• TO DO:
Once you find the line with "This furniture series", transcribe it and all the lines that follow to the end of the data, exactly as written; skip any pictures.

** GIVEN INFORMATION follows **

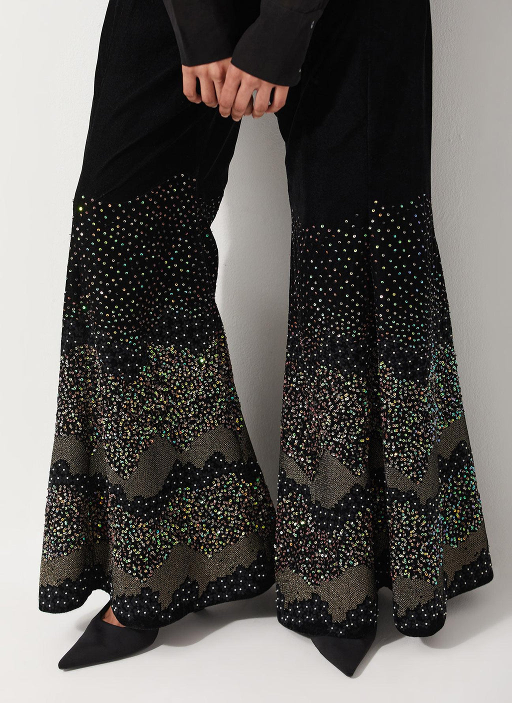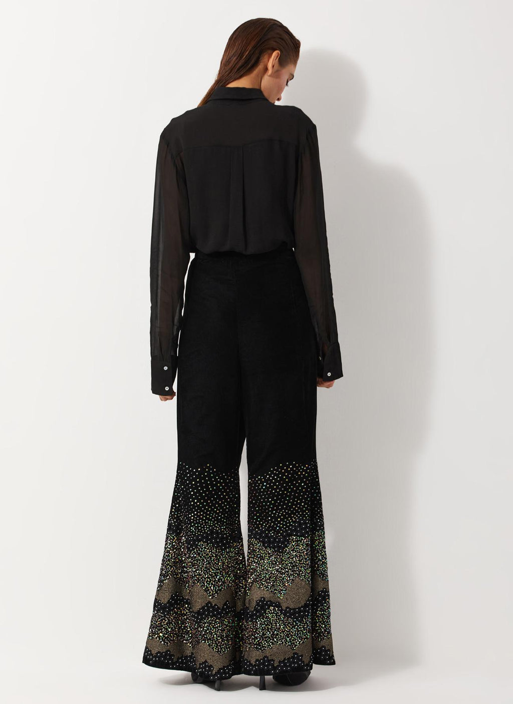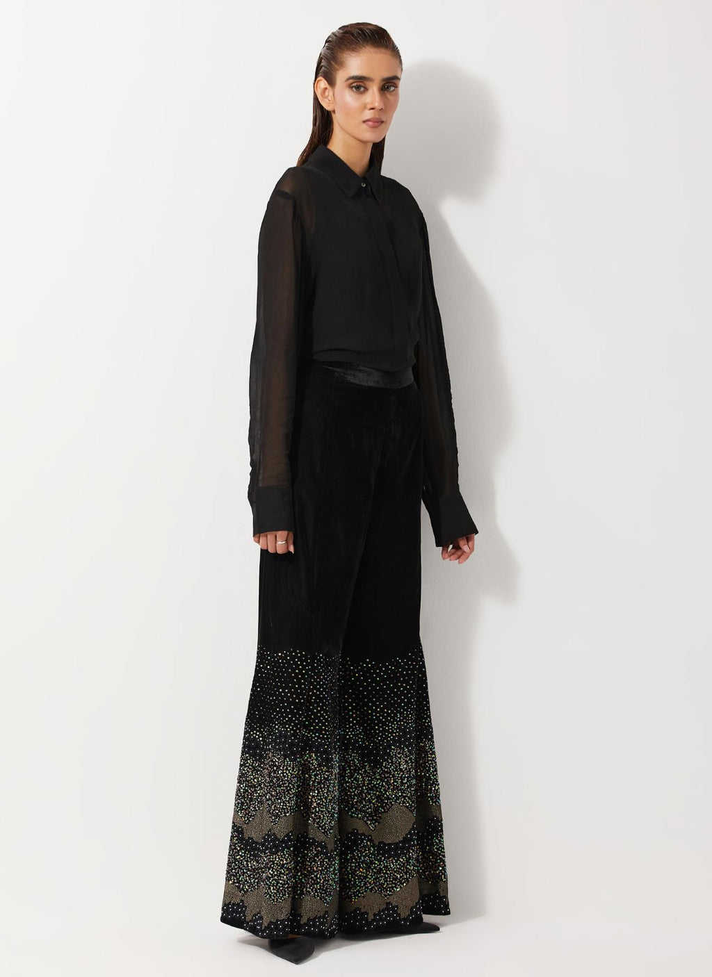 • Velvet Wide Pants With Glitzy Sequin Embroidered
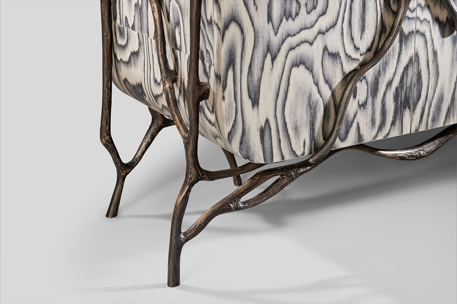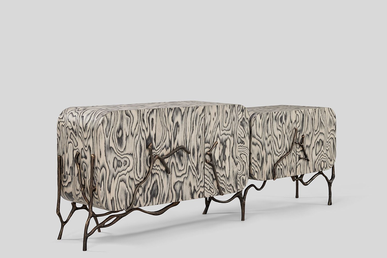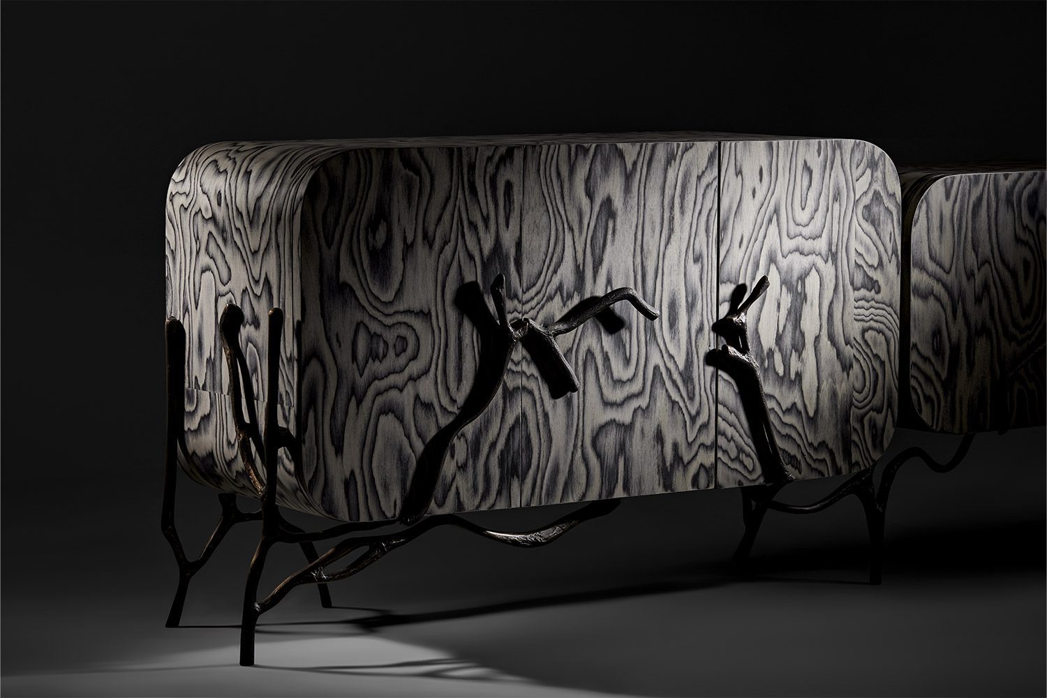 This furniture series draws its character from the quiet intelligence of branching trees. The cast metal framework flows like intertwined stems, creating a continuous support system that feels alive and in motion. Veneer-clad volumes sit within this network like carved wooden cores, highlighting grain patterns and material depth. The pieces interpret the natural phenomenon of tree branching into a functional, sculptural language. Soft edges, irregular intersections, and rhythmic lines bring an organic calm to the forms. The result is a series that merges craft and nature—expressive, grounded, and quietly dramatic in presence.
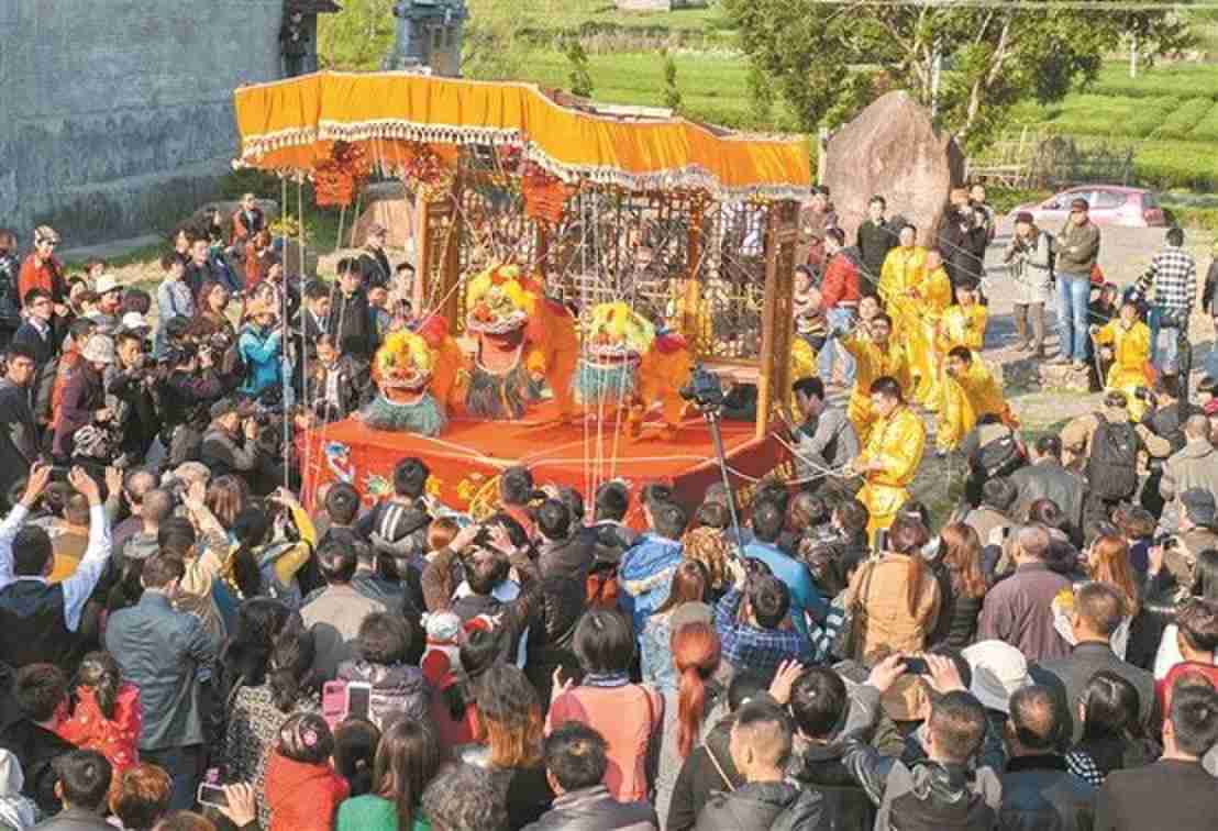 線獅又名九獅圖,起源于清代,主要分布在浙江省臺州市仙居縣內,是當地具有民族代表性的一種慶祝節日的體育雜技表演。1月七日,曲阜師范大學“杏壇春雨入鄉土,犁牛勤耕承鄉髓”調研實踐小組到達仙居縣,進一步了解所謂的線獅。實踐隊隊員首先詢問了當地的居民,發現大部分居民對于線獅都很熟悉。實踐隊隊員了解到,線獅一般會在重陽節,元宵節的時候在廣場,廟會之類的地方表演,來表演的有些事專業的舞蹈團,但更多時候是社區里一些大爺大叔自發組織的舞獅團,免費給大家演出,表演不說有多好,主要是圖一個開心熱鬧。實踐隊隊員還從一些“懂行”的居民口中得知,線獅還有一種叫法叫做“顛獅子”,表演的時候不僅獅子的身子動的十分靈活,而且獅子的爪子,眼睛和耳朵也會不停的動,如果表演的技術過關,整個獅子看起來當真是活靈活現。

** End of GIVEN INFORMATION **

• WRITTEN RESPONSE:
 This furniture series draws its character from the quiet intelligence of branching trees. The cast metal framework flows like intertwined stems, creating a continuous support system that feels alive and in motion. Veneer-clad volumes sit within this network like carved wooden cores, highlighting grain patterns and material depth. The pieces interpret the natural phenomenon of tree branching into a functional, sculptural language. Soft edges, irregular intersections, and rhythmic lines bring an organic calm to the forms. The result is a series that merges craft and nature—expressive, grounded, and quietly dramatic in presence.
 線獅又名九獅圖,起源于清代,主要分布在浙江省臺州市仙居縣內,是當地具有民族代表性的一種慶祝節日的體育雜技表演。1月七日,曲阜師范大學“杏壇春雨入鄉土,犁牛勤耕承鄉髓”調研實踐小組到達仙居縣,進一步了解所謂的線獅。實踐隊隊員首先詢問了當地的居民,發現大部分居民對于線獅都很熟悉。實踐隊隊員了解到,線獅一般會在重陽節,元宵節的時候在廣場,廟會之類的地方表演,來表演的有些事專業的舞蹈團,但更多時候是社區里一些大爺大叔自發組織的舞獅團,免費給大家演出,表演不說有多好,主要是圖一個開心熱鬧。實踐隊隊員還從一些“懂行”的居民口中得知,線獅還有一種叫法叫做“顛獅子”,表演的時候不僅獅子的身子動的十分靈活,而且獅子的爪子,眼睛和耳朵也會不停的動,如果表演的技術過關,整個獅子看起來當真是活靈活現。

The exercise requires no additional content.